The bad news: Oxford nanopore reads lack accuracy compared to other second generation sequencing technologies.
Therefore, seed-and-extend algorithms have had to change tack a bit to allow for more mismatches in the seed before dismissing a read entirely.
We will use a bwa mem variant that has the parameters optimised for Oxford Nanopore reads.
This tutorial will take you through the basics of converting a set of fastq files to a sam file to a sorted bam file.
It is important for bam files to be sorted for many downstream analysis.
It's "sorted" in the computer way. Bam files are sam files in binary format so it isn't easy to show how the end result.
We can use the fastq files that we extracted from our fast5 files and compare the accuracies over the different chemistries.

In [1]:
# Import the modules we need.
import os
import subprocess
from Bio import Entrez, SeqIO

In [2]:
# Set the directories:
SOURCE_DIR = "/mnt/shared/PoreCampAU/"
HOME_DIR = "/home/researcher/"
FASTQ_DIRECTORY = SOURCE_DIR + "data/fastq/"
ALIGNMENT_DIRECTORY = HOME_DIR + "alignment/"

# Create the alignment directory if it doesn't already exist.
if not os.path.isdir(ALIGNMENT_DIRECTORY):
    os.mkdir(ALIGNMENT_DIRECTORY)

In [3]:
# Download the reference 
from Bio import Entrez, SeqIO

# Use your own email here
Entrez.email = "alexiswl@student.unimelb.edu.au"
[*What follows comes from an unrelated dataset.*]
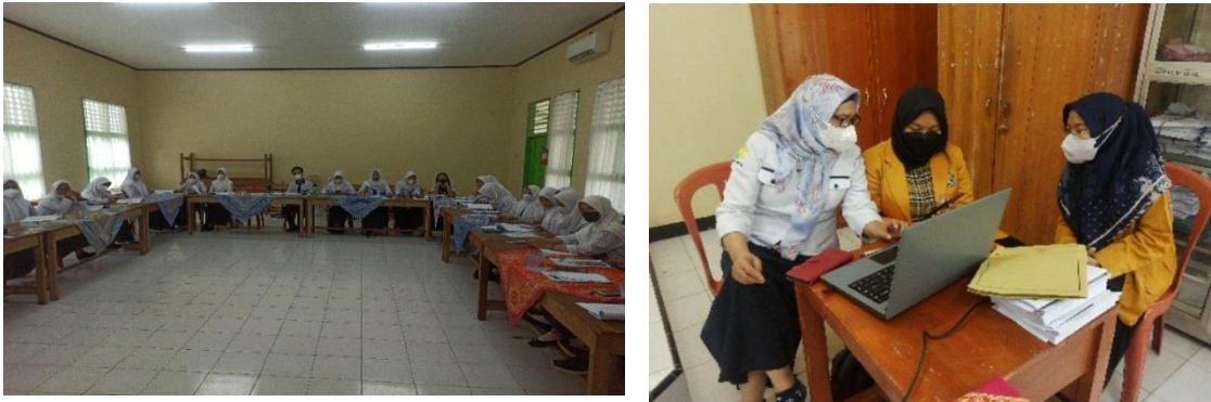
Gambar 5 Post test kepada Kader Remaja UKS dan PMR

# Create reference directory and file name.
reference_directory = "/home/researcher/references/"
if not os.path.isdir(reference_directory):
    os.mkdir(reference_directory)
reference_name = "Escherichia_coli_k12_MG1655"
reference_file = reference_directory + reference_name + ".fa"
uid = "U00096.3"  # This is the uid for E coli genome strain K-12 MG1655
handle = Entrez.efetch(db="nucleotide", id=uid, rettype="fasta")
fasta_handler = SeqIO.read(handle, "fasta")
reference_handler = open(reference_file, "w")
SeqIO.write(fasta_handler, reference_handler, "fasta")
reference_handler.close()  # Always close the door behind you.

In [4]:
# Use samtools to generate a fasta index for the reference file.
command = "samtools faidx %s" % reference_file
stderr = subprocess.check_output(command, shell=True, stderr=subprocess.STDOUT)

if not stderr == "":
    print(stderr)

In [5]:
# Before we run bwa mem, we will also need to run bwa index on the reference file
bwa_index_command = "bwa index %s" % reference_file
stderr = subprocess.check_output(bwa_index_command, shell=True, stderr=subprocess.STDOUT)

if not stderr == "":
    print("Stderr:\n%s" % stderr)

Stderr:
[bwa_index] Pack FASTA... 0.07 sec
[bwa_index] Construct BWT for the packed sequence...
[bwa_index] 1.51 seconds elapse.
[bwa_index] Update BWT... 0.05 sec
[bwa_index] Pack forward-only FASTA... 0.05 sec
[bwa_index] Construct SA from BWT and Occ... 0.85 sec
[main] Version: 0.7.15-r1140
[main] CMD: bwa index /home/researcher/references/Escherichia_coli_k12_MG1655.fa
[main] Real time: 3.383 sec; CPU: 2.539 sec



In [30]:
# Now we can align the genome using bwa-mem
# The output is in sam format and printed to the command line.
# We can redirect the output using the > sign.
SAMPLE_NAME = "e_coli_R9"

fastq_file = FASTQ_DIRECTORY + "e_coli_R9/metrichor/pass/2d/2016-11-07_E_COLI_R9_pass.2d.fastq"
sam_file = ALIGNMENT_DIRECTORY + SAMPLE_NAME + ".sam"
bam_file = ALIGNMENT_DIRECTORY + SAMPLE_NAME + ".bam"
sorted_bam_file = ALIGNMENT_DIRECTORY + SAMPLE_NAME + ".sorted.bam"
sorted_bam_file_index = ALIGNMENT_DIRECTORY + SAMPLE_NAME + ".sorted.bai"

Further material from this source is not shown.